All at once, without warning, the swirling mist intensified into a white-out fog. Alarmed, I froze in mid-step and called to the others to stop …even in dream I remember noting how flat and muffled my voice sounded. And then, like the clouds of moisture-laden air that wander amidst the deep gorges of Sohra and Pynursla, the dense fog magically thinned into great billowing columns that parted like pearly curtains and evaporated into blue nothingness, and I found myself bathed in brilliant sunshine, and that’s when I realized two things:

One: I was no longer with my group in Mehrauli but standing alone, utterly alone on a vast, treeless sweeping slope strewn with scree, surrounded by incredibly tall snow-streaked mountains;

Two: I knew for sure I had never stood on that slope or ever seen those mountains in my life, yet I knew I had been there before, experienced that experience before…just as I knew exactly and fully what I would think and see and  hear and smell and taste and feel at the very next moment and at every moment from then onward, for ever and ever…

…And that’s when, even as I clutched on to that timeless déjà vu, it slipped away and vanished with the growing awareness that I must be in the coils of dream, because there was no way in which I, a heritage walk mentor, could have transported myself from Mehrauli in south Delhi to what appeared to be a steep mountain-side amidst the high Himalayas…leave alone experience déjà vu in that desolate place. And with that awareness that I was dreaming came a tidal wave of terror that I might awaken to find myself not the historian/heritage walk mentor that I actually was, but as someone else…perhaps even as a decrepit old writer lying in bed in east Delhi. And at that thought a great abyss of dread opened up deep within my mind as the tidal wave tossed and turned me hither and thither and eventually flung me, battered and bruised, on to the shores of consciousness where I lay trembling, awake at last.

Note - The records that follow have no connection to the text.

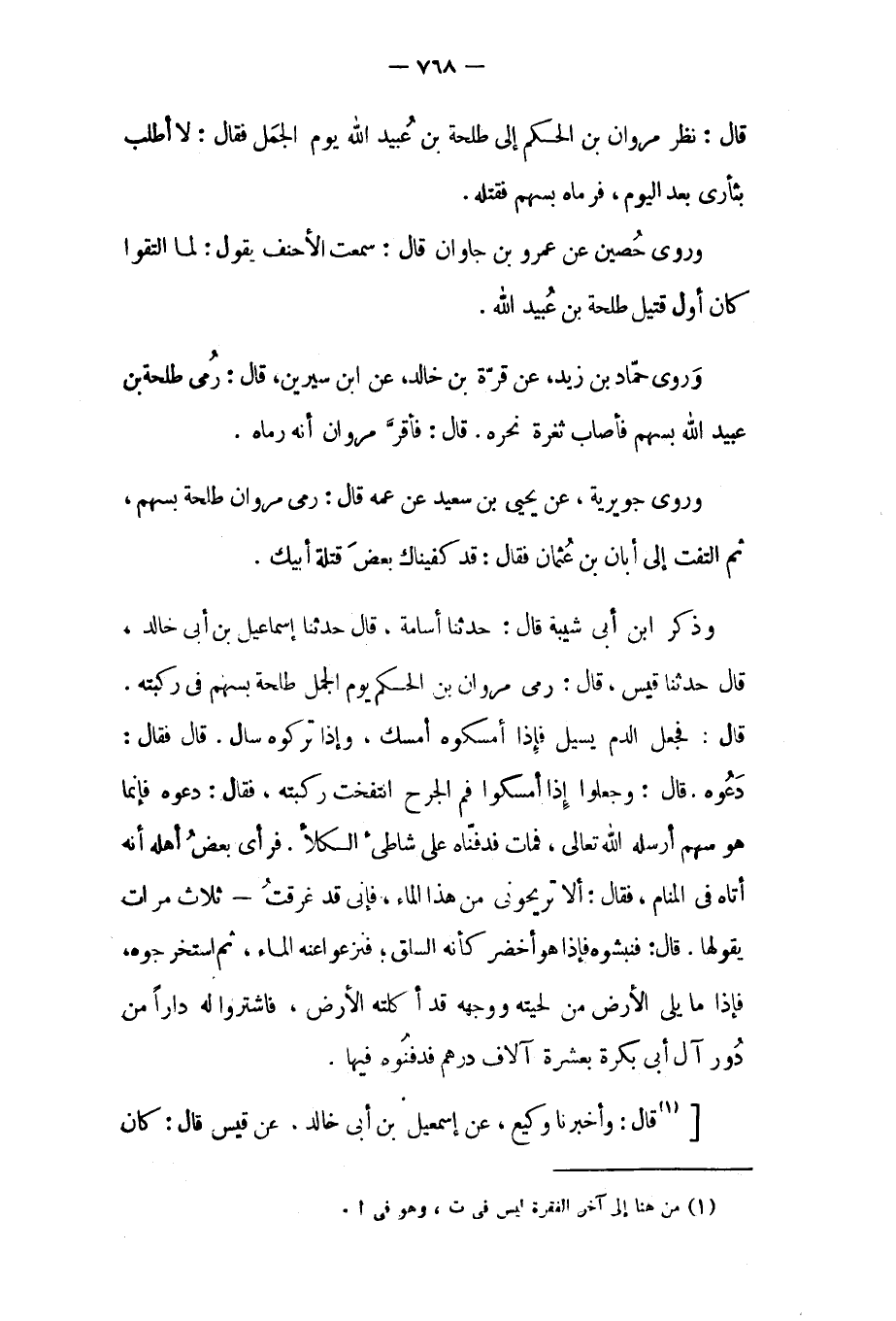 وروى حماد بن زيد، عن قرة بن خالد، عن ابن سيرين، قَالَ: رمي طلحة بن عبيد الله بسهم فأصاب ثغرة نحره. قَالَ: فأقر مروان أنه رماه.
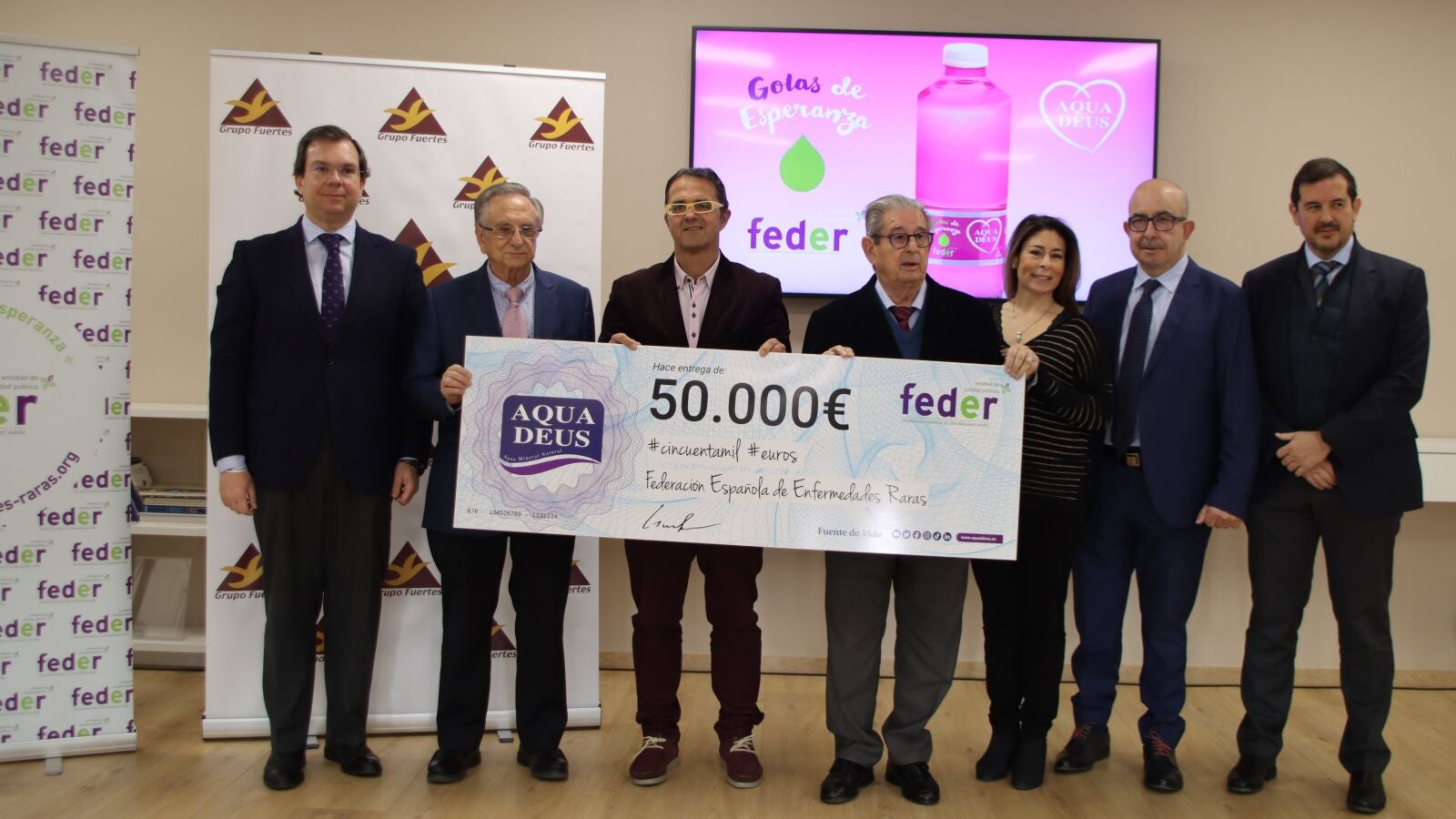 Aquadeus, empresa de agua mineral natural integrada en Grupo Fuertes, ha donado 50.000 euros a la Federación Española de Enfermedades Raras (FEDER) para ayudarles al fomento de la investigación de la búsqueda de diagnóstico y posibles tratamientos. En España se estima que existen más de tres millones de personas afectadas por algún tipo de dolencia poco frecuente.
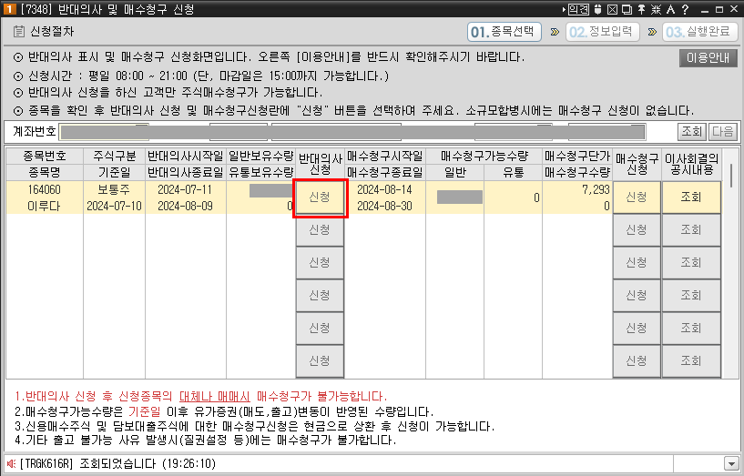 HTS 로그인 - 인터넷뱅킹 - 반대의사/매수청구 - [7348] 반대의사 및 매수청구 신청
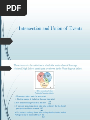 To understand more about the probability of union and intersection of events ask students to proceed to activity 3. Let a be the set of even numbers less than ten. Discuss the illustrative example or give similar examples to help them understand the concept of venn diagram. The total number of students in the senior class is 345.

How could I possibly have dreamed such a dream, in which I was not only someone else but had actually experienced déjà vu as that someone else?

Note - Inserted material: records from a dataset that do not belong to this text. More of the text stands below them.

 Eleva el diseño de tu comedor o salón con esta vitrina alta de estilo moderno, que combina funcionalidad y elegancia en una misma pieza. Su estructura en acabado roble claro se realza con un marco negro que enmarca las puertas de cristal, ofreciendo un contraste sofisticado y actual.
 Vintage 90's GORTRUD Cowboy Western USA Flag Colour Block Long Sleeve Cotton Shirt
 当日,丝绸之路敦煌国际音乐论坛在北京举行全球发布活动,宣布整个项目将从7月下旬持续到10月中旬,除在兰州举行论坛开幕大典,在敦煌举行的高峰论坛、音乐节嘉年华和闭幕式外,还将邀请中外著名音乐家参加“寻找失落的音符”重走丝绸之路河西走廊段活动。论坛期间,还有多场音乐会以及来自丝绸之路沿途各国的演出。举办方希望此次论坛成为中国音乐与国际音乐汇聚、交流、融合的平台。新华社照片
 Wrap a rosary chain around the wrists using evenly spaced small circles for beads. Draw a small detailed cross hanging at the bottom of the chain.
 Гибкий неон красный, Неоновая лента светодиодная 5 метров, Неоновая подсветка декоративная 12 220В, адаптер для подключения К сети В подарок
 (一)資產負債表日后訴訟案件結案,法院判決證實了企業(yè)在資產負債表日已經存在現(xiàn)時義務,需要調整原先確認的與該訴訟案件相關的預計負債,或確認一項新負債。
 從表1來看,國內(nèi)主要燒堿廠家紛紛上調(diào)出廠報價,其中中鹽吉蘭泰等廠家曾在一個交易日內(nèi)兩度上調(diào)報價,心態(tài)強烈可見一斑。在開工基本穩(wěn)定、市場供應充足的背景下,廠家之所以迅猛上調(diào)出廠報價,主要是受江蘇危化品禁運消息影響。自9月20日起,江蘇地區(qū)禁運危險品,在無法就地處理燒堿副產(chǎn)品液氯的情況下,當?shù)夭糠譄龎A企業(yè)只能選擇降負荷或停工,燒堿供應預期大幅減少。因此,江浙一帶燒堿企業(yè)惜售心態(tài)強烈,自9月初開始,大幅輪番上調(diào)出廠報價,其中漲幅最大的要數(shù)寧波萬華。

I have no answers; only questions, that sound so demented I am almost too scared to voice them.

Yet I must.

Have the global clouds of angst and anxiety, spawned by Covid-19, finally overcome my cerebral defences? Do they now wait, like monsoon clouds in their brooding and silent enormity, to pour forth their giga-tonnes of fluid insanity and wash away what remains of my cognition in a raging neural flood?  

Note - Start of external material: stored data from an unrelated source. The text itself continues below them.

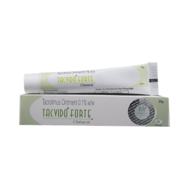 Tacvido Forte Ointment is a medicine that modulates the immune system. It works on the immune system and mostly decreases its activity. It is used to treat moderate to severe eczema (atopic dermatitis) in adults who do not respond to steroids or develop side effects on using them. In atopic dermatitis, the skin’s immune system undergoes an overreaction and causes skin inflammation leading to itchiness, redness and dryness. Tacvido Forte Ointment acts on the abnormal immune response and alters it, thereby relieving the skin inflammation and itchiness.
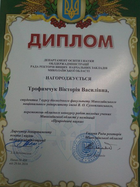 Вітаємо Трофимчук Вікторію з перемогою в обласному конкурсі робіт молодих вчених. Так тримати! Бажаємо успіхів  у навчанні!
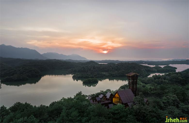 The steel structure observation tower is the highest point of the entire island, visitors can have a good view for the whole lake area when standing on the top. The fa?ade of anticorrosive wood grille designed to reduce wind resistance presents various permeability from different viewing angles: when people looking from the boats on the lake, the towers erected in the jungleis looming. At sunrise and sunset, sunlight seeps from the gaps in the grille.
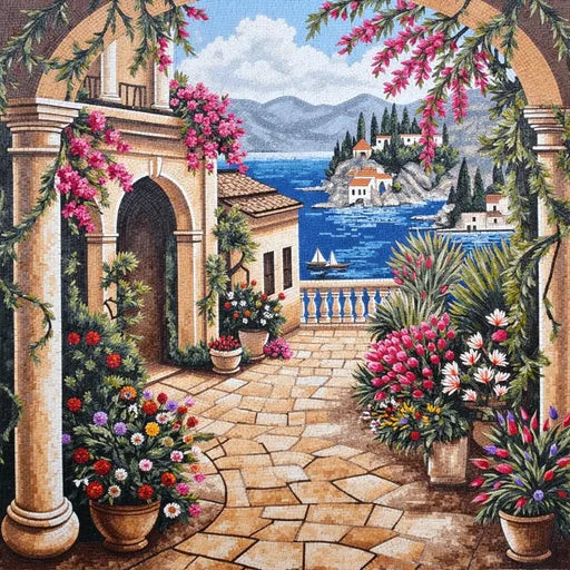 Stonecrafted Forest Stream in Autumn Premium  Tile Art Stone Mosaic Art
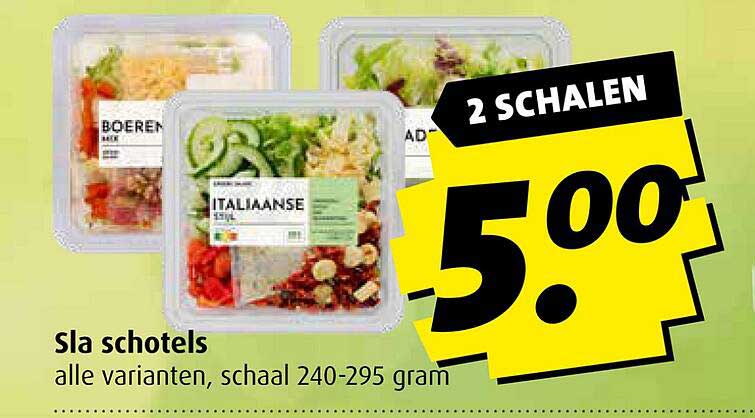 Bekijk nu de Sla schotels aanbieding in de Boni folder. Deze aanbieding is geldig van 09-06-2025 tot en met 14-06-2025.

Have I waded for too long in the limpid pool of Mann Ki Baat, to now be flushed away and drowned in the foaming toilet of Monsoon ki Bath? 

Have I finally achieved the position grimly foretold for me by my class 2 teacher, and become quietly yet indubitably insane?

In the sacred name of Bakasura the Ravenous, will I ever be able to escape from this realm of Guiche into which I have wandered wonderingly and now wonder wanderingly?

These and other troubled musings kept me tossing and turning till dawn; whereupon, after a few cups of healing tannin and caffeine solutions, I went up to the terrace and put a load of clothes to wash.  Watching the sheets and pillow cases tossing and turning in the washing machine just as I had tossed and turned half the night, I began to feel better. Slowly but surely, that familiar old timeless and rather pleasant blur of being returned to soothe my frayed neurons, dendrons and rhododendrons. The washing machine hummed contentedly; the birds chirped happily as they hunted bugs in the foliage; a squirrel streaked across the tiles, sat on its haunches a few feet away, chirruped a series of questions and stared at me through shrewd eyes, waiting for a response.  I stared back at it, wondering why its accent seemed so familiar…but the moment passed, as did the squirrel.

My questions may have no answers; I realize that now, as I write these words.  

Indeed, my answers may have no questions.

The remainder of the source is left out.